There was so much optimism as anti-colonial movements-- often linked to challenges to “free-range” capitalism benefitting Europeans and their settler colonial descendants—swept throughout the world. This included the United States, in which “internal colonialism” was a way of referring to the condition of Blacks Americans.


Like much of the world, they had been witnessing African liberation movements across the continent. Great Britain merged three companies into a bricolaged Nigeria. But Europe and the United States had decided that they did not want another Japan, but this time in Africa. Japan had limited the presence of Christian missionaries and prevented the proliferation of Western capitalist markets in favor of their own form of mercantilism for decades. (Well situated, upper class) Japanese got rich off of Japan, unlike other non-Western countries in which the shot callers were not homegrown, but the puppets were. Too young to completely understand, my mother recalled waving the new Nigerian flag as a child once they thought they were free from Britain. She did not know that the national anthem she learned was written by a White man. She still doesn’t know the “new song” written by an actual Nigerian. But in a twist of colonial fate, the new song has become the old song.
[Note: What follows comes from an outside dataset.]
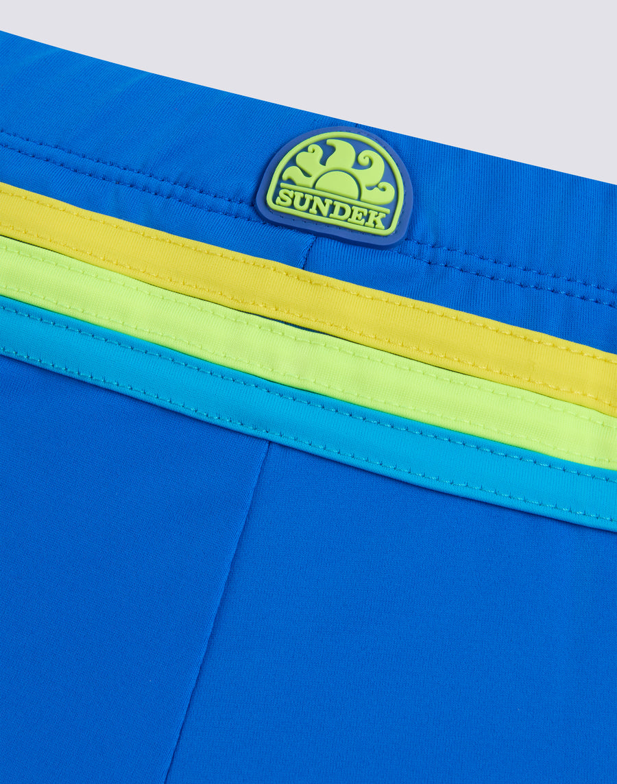 Los calzoncillos de playa para niños son todo color y sin olvidar el medio ambiente, porque están hechos de nailon regenerado ECONYL®. Cómodo gracias a la cintura elástica y al cordón ajustable, es el bañador que tu hijo podrá llevar fácilmente para jugar y nadar.
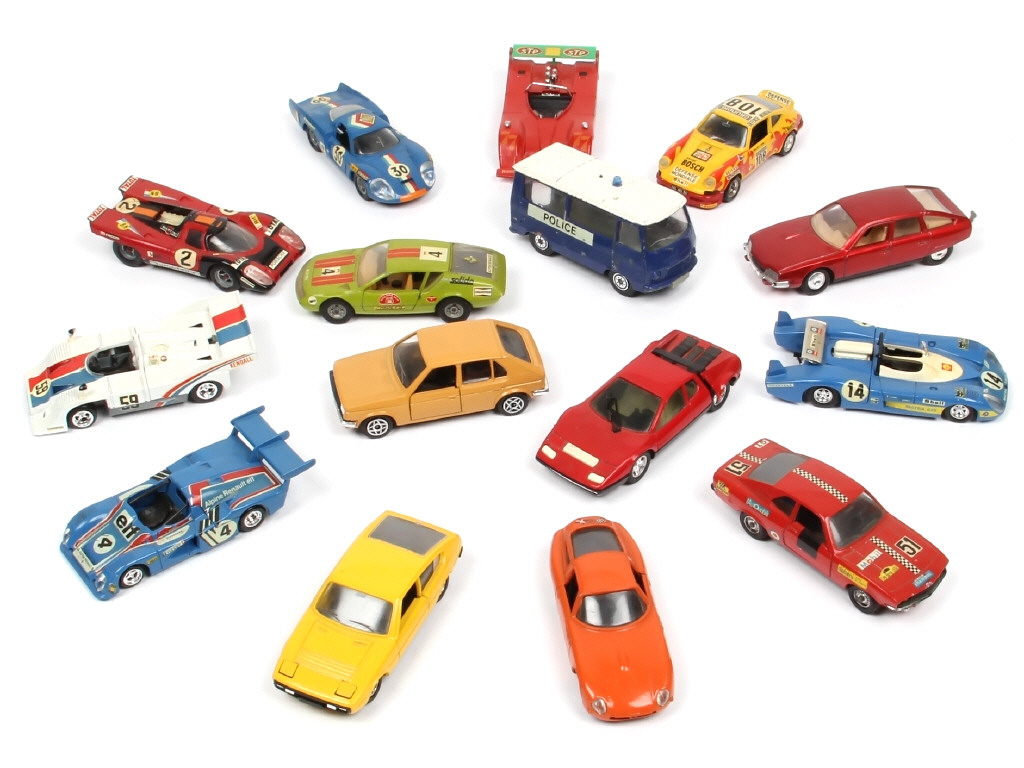 miniatures reproduisant notamment les modèles : CITROËN, ALPINE, PEUGEOT, ALFA ROMEO, OPEL, TALBOT & FERRARI - quelques manques & parties cassées - carrosseries plus ou moins encrassées

Flag of Nigeria from 1914–1960
Flag of Nigeria from 1914–1960
The Official Nigerian Flag  
The Official Nigerian Flag  

When ethnic differences turned into ethnic tensions, the military was an important site for murder within its ranks. These turned into pogroms in the northeast and in various parts of the country to the point that the southeast had decided to secede from a Western-supported Nigeria. Although France was initially interested in supporting the secession of the southeast from the bricolaged state that England had woven together, the other nations would not have it. The Queen and other global leaders— wanting to maintain artificially inexpensive access to oil and other resources in the southeast—helped supply weapons to the Nigerian army. When civilians were starved out and the Nigerian government kicked out the Red Cross, Irish pilots dropped food on the malnourished people of Igboland and its surroundings.


In the battle of “whoever has the most bullets wins,” the new nation of Biafra did not stand a chance. When the Biafran independence movement began conscripting child soldiers, my widowed grandmother refused to allow her only son, her youngest, to train on the wooden guns young boys were provided. Instead, she took him to hide in the forest, the bush, with his unmarried sisters and other kin. Once, his Big Uncle sent him and a bunch of other boys to collect roofing materials, but my father did not feel like it, deciding to go fishing instead. When he returned, the Nigerian soldiers had killed the other boys. As a girl, my mother said that she was sent to walk the equivalent of Bryn Mawr on the Northside all the way down to the Southside to get food for her family. Presumably, she was too young to be “rapable” by soldiers that teenage girls and adult women would come across. Presumably.


They must have known that they were black because the world looked away when the civil war turned into a genocide. Some things never change.


Then the war was over. Rebuilding began.


By the time my parents arrived in the United States in the late 70s, they had survived the Civil War that starved them out as children, many had fought in, and taken many of their friends’ and family members’ lives. When my father migrated to the United States for college, Third World liberation movements was where the party was at, although the DJ was playing the last song of the night and the lights had come on. The Nigerian government paid for him to attend school at Michigan State, where Auntie Ndawi and Magic Johnson were also studying. Our own coming to America.